What the exercise asks:
Reproduce the entries shown below only from the line with "In addition, one" down to the line with "Schneider Electric S56", keeping both end lines and copying each one exactly.

Data supplied:
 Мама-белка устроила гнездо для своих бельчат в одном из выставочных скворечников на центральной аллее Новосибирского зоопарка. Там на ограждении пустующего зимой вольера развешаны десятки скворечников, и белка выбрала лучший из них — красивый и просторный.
--
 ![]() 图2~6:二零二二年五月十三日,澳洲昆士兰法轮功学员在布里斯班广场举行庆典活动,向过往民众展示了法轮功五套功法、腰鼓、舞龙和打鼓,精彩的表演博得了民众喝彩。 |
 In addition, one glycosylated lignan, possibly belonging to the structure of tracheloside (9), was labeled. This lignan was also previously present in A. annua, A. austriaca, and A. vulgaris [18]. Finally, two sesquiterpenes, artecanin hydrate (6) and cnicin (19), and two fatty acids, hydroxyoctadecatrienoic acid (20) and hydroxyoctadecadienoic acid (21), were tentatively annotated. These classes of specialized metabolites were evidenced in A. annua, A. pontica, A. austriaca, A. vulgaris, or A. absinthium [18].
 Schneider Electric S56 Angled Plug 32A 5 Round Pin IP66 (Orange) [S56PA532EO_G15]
---
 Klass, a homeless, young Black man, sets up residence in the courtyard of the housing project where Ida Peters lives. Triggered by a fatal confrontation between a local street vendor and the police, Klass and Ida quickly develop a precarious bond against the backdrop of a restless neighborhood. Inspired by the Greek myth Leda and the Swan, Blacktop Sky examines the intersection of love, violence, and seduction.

Answer section:
 In addition, one glycosylated lignan, possibly belonging to the structure of tracheloside (9), was labeled. This lignan was also previously present in A. annua, A. austriaca, and A. vulgaris [18]. Finally, two sesquiterpenes, artecanin hydrate (6) and cnicin (19), and two fatty acids, hydroxyoctadecatrienoic acid (20) and hydroxyoctadecadienoic acid (21), were tentatively annotated. These classes of specialized metabolites were evidenced in A. annua, A. pontica, A. austriaca, A. vulgaris, or A. absinthium [18].
 Schneider Electric S56 Angled Plug 32A 5 Round Pin IP66 (Orange) [S56PA532EO_G15]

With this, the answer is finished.